*TASK REQUIREMENTS:* Among the entries below, retype exactly the lines starting with the one with "بەیانیەکەی دیکە ستۆڵۆرس" and going on through the one with "Pentru sărbătorile de", but not the pictures.

LISTED ENTRIES START

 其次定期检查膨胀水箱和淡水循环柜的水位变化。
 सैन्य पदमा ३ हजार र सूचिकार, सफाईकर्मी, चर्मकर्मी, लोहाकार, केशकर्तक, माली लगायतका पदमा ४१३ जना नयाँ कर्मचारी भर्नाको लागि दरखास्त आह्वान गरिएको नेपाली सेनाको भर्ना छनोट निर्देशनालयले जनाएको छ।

LISTED ENTRIES END
LISTED ENTRIES START

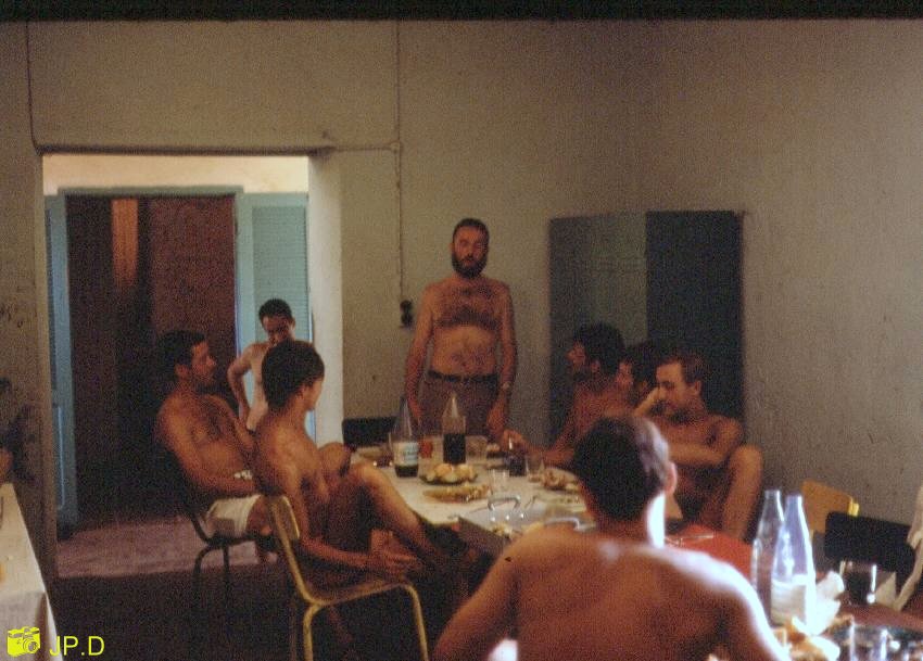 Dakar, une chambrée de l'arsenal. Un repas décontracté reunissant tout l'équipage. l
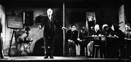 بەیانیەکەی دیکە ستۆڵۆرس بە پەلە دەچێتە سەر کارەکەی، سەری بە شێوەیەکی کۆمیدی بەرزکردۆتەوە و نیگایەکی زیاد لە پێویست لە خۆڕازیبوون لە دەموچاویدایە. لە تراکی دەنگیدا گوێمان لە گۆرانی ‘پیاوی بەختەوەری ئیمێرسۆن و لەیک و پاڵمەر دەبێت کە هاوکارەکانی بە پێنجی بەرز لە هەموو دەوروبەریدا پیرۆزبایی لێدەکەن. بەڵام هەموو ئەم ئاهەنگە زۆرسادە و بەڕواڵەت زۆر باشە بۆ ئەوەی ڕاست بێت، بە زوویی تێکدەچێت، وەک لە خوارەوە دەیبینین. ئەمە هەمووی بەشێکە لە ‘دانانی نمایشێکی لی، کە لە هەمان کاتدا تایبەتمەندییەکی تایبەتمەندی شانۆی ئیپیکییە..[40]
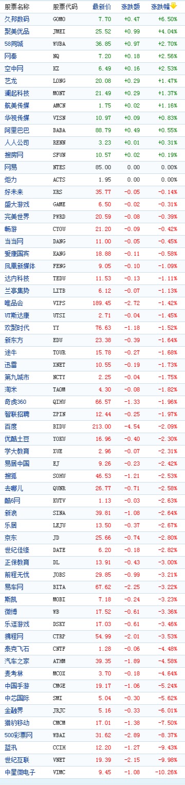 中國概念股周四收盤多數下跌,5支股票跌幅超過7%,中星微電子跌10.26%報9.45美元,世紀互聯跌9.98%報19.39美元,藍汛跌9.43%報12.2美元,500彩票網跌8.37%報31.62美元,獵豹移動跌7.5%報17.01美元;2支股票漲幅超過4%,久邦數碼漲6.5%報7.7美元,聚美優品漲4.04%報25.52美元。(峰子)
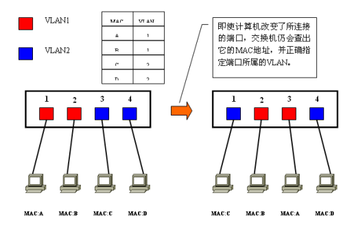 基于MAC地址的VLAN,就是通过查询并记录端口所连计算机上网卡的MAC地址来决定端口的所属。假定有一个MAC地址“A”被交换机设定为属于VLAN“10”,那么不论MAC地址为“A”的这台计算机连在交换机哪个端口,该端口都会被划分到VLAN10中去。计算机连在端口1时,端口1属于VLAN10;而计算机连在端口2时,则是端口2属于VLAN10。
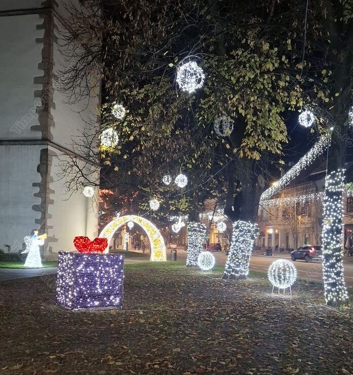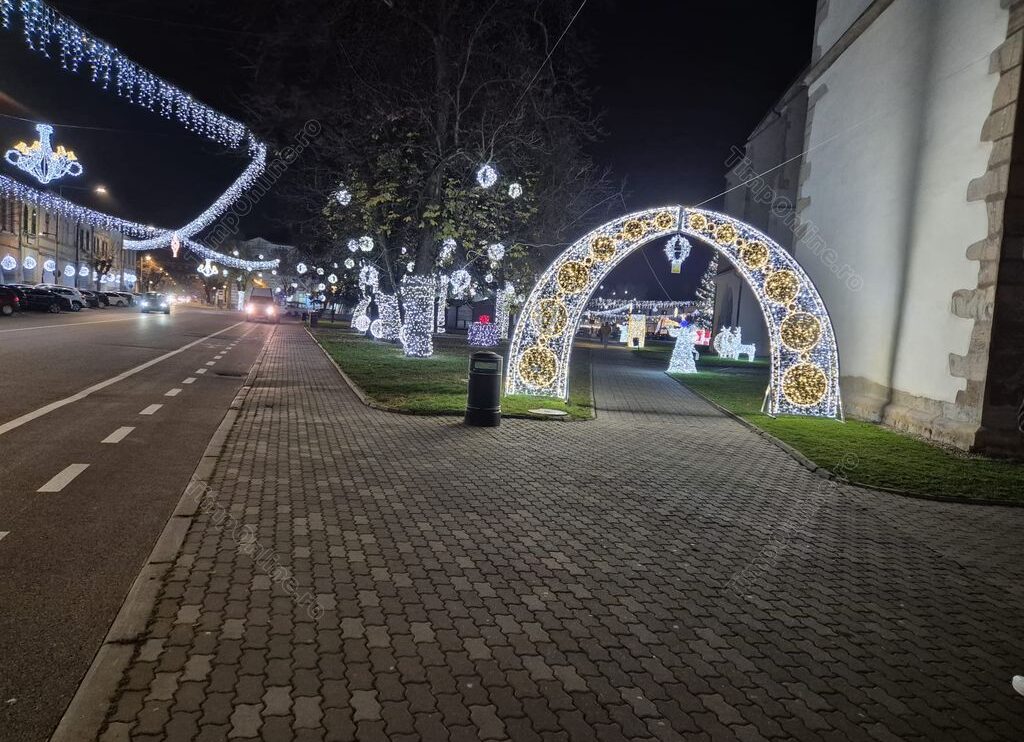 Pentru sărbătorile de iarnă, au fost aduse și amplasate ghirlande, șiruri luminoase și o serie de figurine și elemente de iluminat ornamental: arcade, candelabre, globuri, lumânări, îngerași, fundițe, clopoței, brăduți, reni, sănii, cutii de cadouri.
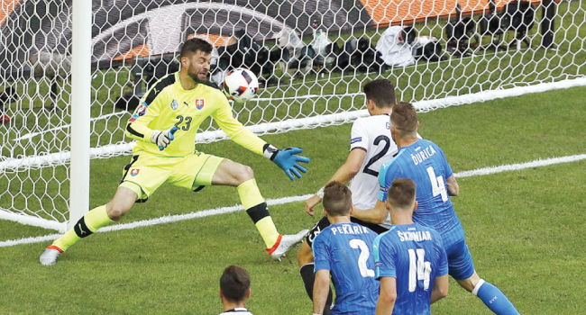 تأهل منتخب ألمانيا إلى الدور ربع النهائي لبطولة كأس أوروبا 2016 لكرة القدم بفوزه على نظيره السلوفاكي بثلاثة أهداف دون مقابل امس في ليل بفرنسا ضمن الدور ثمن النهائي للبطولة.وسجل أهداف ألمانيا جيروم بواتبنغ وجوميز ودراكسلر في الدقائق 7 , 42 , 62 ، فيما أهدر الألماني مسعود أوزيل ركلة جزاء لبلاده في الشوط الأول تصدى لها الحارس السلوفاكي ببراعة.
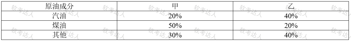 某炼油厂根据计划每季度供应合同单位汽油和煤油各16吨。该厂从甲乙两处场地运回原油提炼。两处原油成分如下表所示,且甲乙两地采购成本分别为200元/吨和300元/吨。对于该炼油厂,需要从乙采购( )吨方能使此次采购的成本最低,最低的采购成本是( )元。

LISTED ENTRIES END

*RESPONSE AREA:*
 بەیانیەکەی دیکە ستۆڵۆرس بە پەلە دەچێتە سەر کارەکەی، سەری بە شێوەیەکی کۆمیدی بەرزکردۆتەوە و نیگایەکی زیاد لە پێویست لە خۆڕازیبوون لە دەموچاویدایە. لە تراکی دەنگیدا گوێمان لە گۆرانی ‘پیاوی بەختەوەری ئیمێرسۆن و لەیک و پاڵمەر دەبێت کە هاوکارەکانی بە پێنجی بەرز لە هەموو دەوروبەریدا پیرۆزبایی لێدەکەن. بەڵام هەموو ئەم ئاهەنگە زۆرسادە و بەڕواڵەت زۆر باشە بۆ ئەوەی ڕاست بێت، بە زوویی تێکدەچێت، وەک لە خوارەوە دەیبینین. ئەمە هەمووی بەشێکە لە ‘دانانی نمایشێکی لی، کە لە هەمان کاتدا تایبەتمەندییەکی تایبەتمەندی شانۆی ئیپیکییە..[40]
 中國概念股周四收盤多數下跌,5支股票跌幅超過7%,中星微電子跌10.26%報9.45美元,世紀互聯跌9.98%報19.39美元,藍汛跌9.43%報12.2美元,500彩票網跌8.37%報31.62美元,獵豹移動跌7.5%報17.01美元;2支股票漲幅超過4%,久邦數碼漲6.5%報7.7美元,聚美優品漲4.04%報25.52美元。(峰子)
 基于MAC地址的VLAN,就是通过查询并记录端口所连计算机上网卡的MAC地址来决定端口的所属。假定有一个MAC地址“A”被交换机设定为属于VLAN“10”,那么不论MAC地址为“A”的这台计算机连在交换机哪个端口,该端口都会被划分到VLAN10中去。计算机连在端口1时,端口1属于VLAN10;而计算机连在端口2时,则是端口2属于VLAN10。
 Pentru sărbătorile de iarnă, au fost aduse și amplasate ghirlande, șiruri luminoase și o serie de figurine și elemente de iluminat ornamental: arcade, candelabre, globuri, lumânări, îngerași, fundițe, clopoței, brăduți, reni, sănii, cutii de cadouri.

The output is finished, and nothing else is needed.